▸ **WHAT YOU ARE ASKED TO DO**:
Your job is to print, exactly, the lines in the data below from the line with "4热锅倒油,放入肉丝滑炒至变色。" through the line with "Since 1976, Cibaria", both included, and to omit any picture.

── SOURCE DATA ──

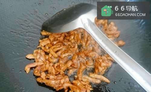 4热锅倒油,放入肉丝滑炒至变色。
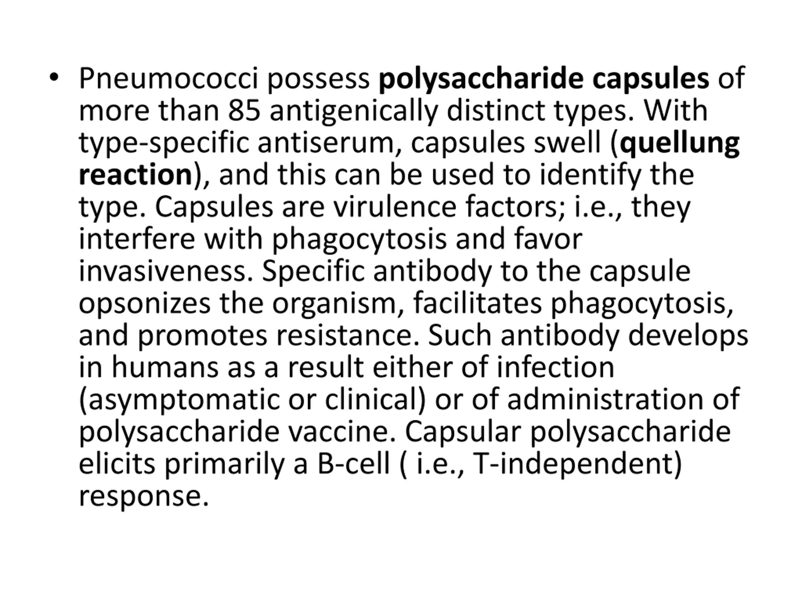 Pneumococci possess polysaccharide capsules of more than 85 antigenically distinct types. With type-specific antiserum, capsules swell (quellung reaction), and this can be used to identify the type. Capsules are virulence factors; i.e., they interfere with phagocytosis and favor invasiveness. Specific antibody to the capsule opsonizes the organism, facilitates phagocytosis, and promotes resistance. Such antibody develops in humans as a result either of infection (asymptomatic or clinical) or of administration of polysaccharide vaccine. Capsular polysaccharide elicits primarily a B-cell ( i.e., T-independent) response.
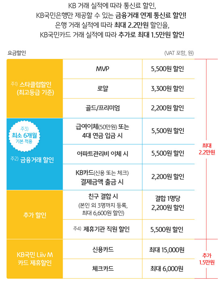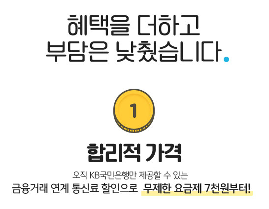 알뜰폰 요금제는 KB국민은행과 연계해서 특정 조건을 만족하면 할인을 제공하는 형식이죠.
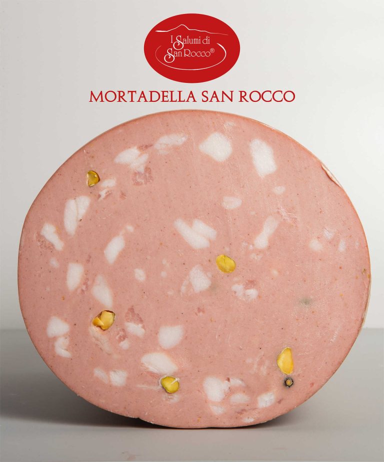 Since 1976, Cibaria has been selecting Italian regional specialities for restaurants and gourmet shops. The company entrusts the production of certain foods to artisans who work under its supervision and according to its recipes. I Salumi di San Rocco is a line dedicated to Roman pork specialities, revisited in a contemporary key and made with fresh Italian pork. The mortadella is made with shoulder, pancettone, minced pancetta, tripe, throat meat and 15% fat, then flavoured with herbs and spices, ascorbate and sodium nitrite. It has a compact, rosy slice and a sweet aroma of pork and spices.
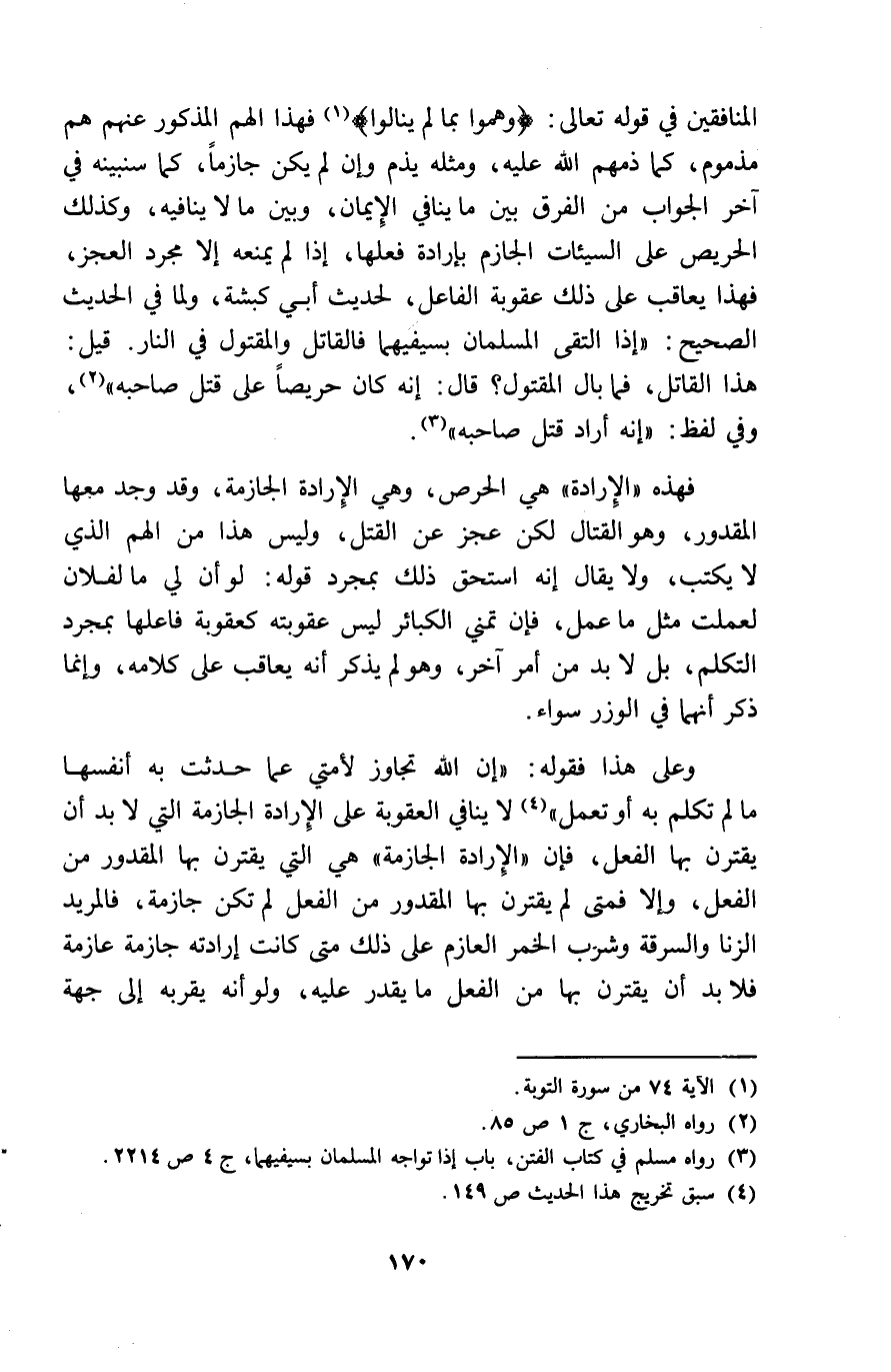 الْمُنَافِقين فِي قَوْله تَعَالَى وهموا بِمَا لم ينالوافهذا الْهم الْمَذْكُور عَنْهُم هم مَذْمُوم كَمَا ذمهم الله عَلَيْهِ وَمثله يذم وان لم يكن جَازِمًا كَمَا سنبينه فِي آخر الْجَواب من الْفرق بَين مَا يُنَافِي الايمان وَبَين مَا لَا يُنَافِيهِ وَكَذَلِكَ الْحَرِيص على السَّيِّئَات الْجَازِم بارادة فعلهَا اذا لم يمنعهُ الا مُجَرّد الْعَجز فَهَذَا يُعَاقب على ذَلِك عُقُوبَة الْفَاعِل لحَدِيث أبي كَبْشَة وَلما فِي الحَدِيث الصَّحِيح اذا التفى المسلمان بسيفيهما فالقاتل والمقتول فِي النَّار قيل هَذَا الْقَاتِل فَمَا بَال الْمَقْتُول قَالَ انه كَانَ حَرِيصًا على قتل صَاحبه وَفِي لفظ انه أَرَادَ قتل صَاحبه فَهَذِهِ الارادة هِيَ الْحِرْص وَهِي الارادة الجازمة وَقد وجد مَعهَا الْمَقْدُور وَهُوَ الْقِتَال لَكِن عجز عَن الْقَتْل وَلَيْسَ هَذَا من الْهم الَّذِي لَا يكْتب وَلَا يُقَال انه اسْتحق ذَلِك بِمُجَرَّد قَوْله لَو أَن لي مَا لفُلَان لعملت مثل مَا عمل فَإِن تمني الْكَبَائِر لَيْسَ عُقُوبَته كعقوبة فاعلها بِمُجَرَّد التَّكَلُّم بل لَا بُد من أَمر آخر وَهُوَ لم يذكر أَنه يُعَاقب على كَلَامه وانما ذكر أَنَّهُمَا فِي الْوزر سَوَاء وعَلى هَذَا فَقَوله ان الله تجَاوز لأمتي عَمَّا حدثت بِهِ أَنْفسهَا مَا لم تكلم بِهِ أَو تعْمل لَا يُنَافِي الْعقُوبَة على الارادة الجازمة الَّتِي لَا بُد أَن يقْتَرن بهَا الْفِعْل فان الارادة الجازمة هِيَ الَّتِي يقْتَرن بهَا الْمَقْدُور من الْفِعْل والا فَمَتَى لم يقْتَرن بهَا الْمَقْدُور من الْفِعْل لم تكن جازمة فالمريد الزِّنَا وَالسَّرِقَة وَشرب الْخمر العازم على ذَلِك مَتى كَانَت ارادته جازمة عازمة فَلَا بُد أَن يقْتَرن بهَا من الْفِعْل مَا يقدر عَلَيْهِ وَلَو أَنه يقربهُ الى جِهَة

───
── SOURCE DATA ──

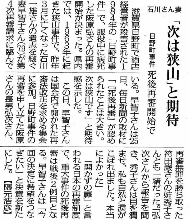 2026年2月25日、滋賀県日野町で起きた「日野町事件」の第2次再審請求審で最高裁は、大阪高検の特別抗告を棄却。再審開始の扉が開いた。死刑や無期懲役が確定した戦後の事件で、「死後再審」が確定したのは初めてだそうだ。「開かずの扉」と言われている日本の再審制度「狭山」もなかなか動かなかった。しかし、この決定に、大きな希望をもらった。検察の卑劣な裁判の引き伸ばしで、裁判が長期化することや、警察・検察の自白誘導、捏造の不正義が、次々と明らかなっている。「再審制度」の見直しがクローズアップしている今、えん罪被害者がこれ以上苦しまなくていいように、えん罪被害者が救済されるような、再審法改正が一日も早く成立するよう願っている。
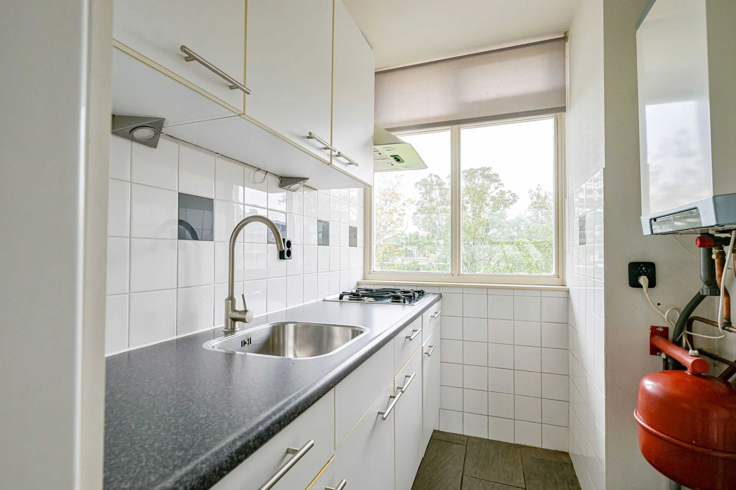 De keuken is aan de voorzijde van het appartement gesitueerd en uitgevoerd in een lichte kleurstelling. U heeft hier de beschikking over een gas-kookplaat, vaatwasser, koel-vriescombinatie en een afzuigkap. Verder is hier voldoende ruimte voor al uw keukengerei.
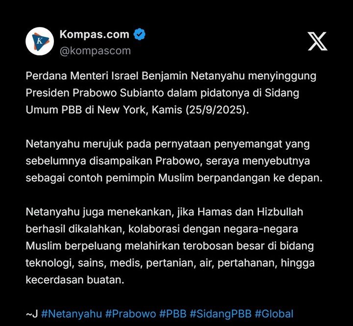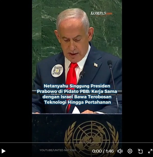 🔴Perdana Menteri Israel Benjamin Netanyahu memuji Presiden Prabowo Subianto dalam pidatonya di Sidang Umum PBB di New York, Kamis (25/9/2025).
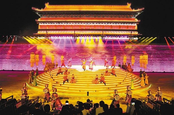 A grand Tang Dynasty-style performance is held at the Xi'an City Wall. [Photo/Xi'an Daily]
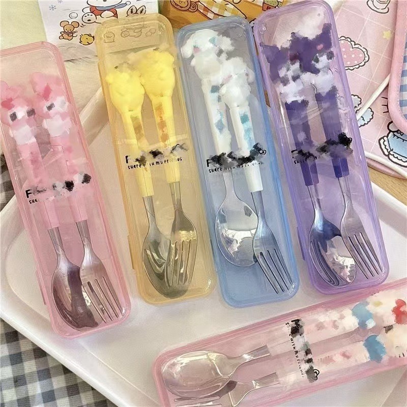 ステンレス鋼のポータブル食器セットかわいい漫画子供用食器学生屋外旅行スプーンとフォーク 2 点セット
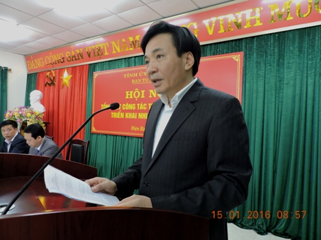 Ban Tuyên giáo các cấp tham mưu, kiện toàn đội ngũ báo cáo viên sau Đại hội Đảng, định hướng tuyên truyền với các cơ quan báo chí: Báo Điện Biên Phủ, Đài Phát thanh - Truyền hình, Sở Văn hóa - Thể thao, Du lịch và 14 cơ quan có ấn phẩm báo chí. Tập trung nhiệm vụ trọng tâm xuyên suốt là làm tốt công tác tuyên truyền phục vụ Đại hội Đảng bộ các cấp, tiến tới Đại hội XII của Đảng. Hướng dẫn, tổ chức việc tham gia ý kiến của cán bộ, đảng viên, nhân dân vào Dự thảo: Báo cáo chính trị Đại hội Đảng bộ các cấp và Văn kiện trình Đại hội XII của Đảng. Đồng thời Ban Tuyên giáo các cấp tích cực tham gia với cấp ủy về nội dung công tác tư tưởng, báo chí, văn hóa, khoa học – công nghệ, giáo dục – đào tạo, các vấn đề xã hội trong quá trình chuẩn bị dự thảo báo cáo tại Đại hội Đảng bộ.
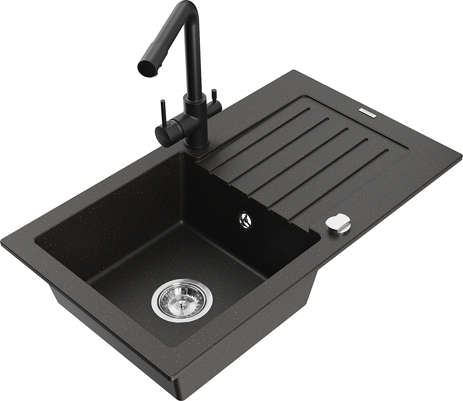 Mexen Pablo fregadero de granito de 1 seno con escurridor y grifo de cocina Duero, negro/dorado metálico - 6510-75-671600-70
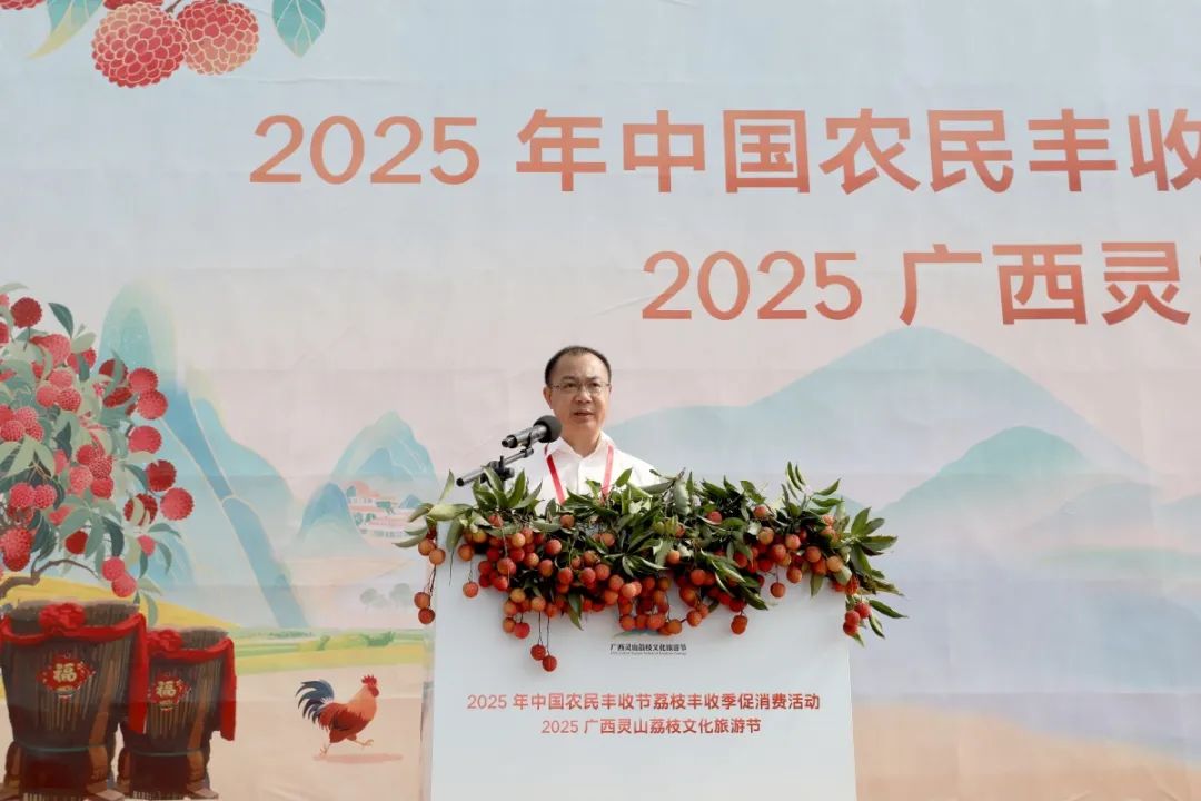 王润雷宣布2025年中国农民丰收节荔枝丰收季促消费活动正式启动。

───
── SOURCE DATA ──

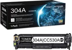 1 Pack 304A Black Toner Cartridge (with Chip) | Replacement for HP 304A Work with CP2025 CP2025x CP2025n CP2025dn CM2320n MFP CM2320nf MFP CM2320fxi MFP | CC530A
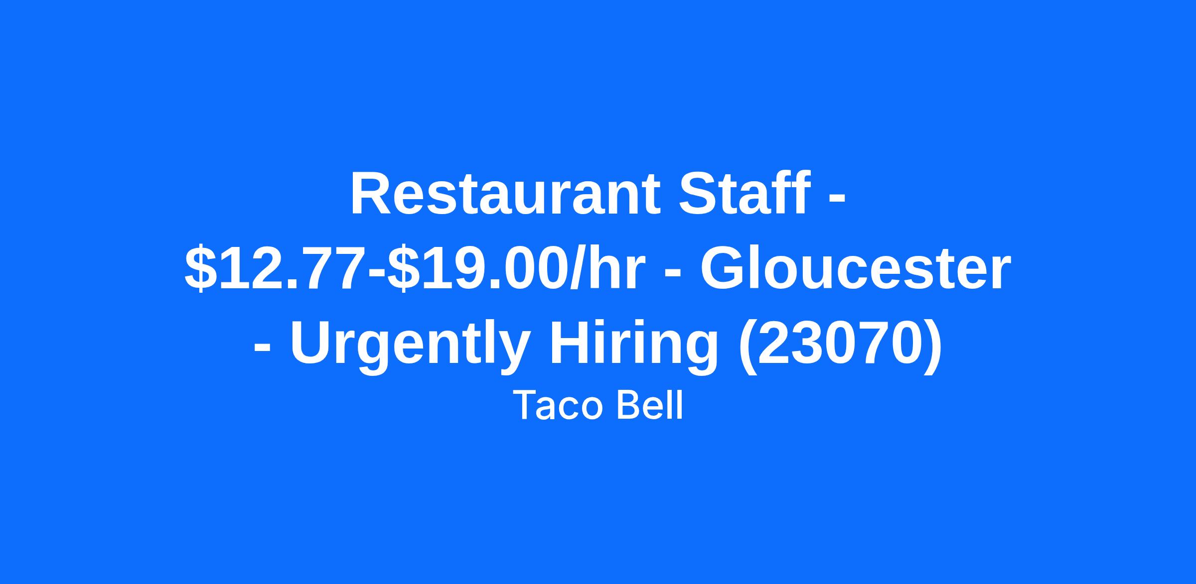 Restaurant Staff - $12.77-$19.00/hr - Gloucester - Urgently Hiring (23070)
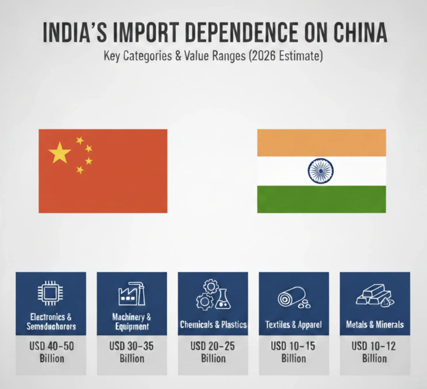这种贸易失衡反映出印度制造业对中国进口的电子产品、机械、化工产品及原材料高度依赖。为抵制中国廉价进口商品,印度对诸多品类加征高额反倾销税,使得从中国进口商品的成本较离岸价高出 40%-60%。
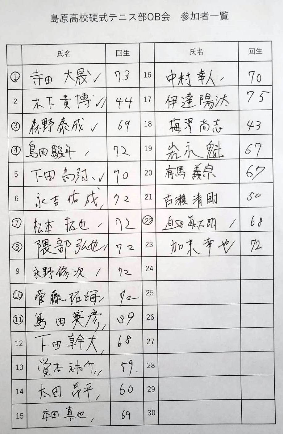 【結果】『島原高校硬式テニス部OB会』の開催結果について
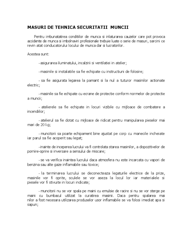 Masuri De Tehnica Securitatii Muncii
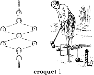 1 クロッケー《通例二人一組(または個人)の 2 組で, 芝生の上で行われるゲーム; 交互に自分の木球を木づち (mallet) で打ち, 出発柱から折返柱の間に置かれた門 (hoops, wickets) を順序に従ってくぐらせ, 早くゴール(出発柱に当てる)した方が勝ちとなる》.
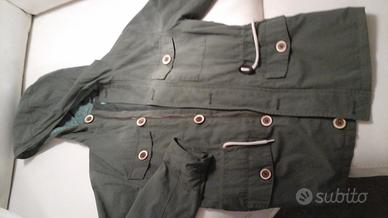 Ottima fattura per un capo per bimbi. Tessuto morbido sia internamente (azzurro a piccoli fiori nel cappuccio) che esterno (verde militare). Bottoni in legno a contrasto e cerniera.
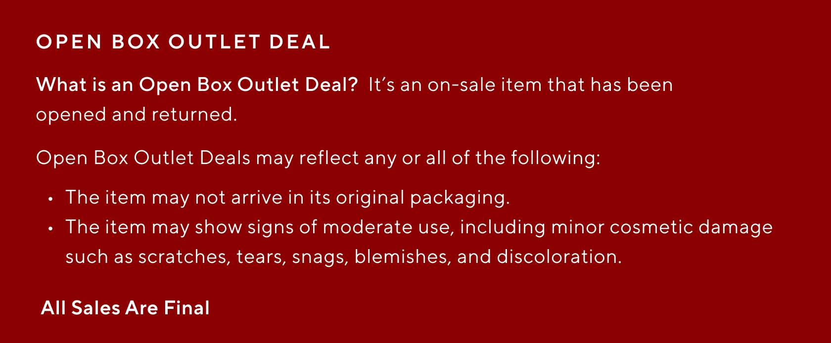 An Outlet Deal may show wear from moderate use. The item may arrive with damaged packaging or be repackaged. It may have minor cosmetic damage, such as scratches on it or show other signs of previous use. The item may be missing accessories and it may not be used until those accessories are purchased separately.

───

▸ **OUTPUT FOR THIS TASK**:
 4热锅倒油,放入肉丝滑炒至变色。
 Pneumococci possess polysaccharide capsules of more than 85 antigenically distinct types. With type-specific antiserum, capsules swell (quellung reaction), and this can be used to identify the type. Capsules are virulence factors; i.e., they interfere with phagocytosis and favor invasiveness. Specific antibody to the capsule opsonizes the organism, facilitates phagocytosis, and promotes resistance. Such antibody develops in humans as a result either of infection (asymptomatic or clinical) or of administration of polysaccharide vaccine. Capsular polysaccharide elicits primarily a B-cell ( i.e., T-independent) response.
 알뜰폰 요금제는 KB국민은행과 연계해서 특정 조건을 만족하면 할인을 제공하는 형식이죠.
 Since 1976, Cibaria has been selecting Italian regional specialities for restaurants and gourmet shops. The company entrusts the production of certain foods to artisans who work under its supervision and according to its recipes. I Salumi di San Rocco is a line dedicated to Roman pork specialities, revisited in a contemporary key and made with fresh Italian pork. The mortadella is made with shoulder, pancettone, minced pancetta, tripe, throat meat and 15% fat, then flavoured with herbs and spices, ascorbate and sodium nitrite. It has a compact, rosy slice and a sweet aroma of pork and spices.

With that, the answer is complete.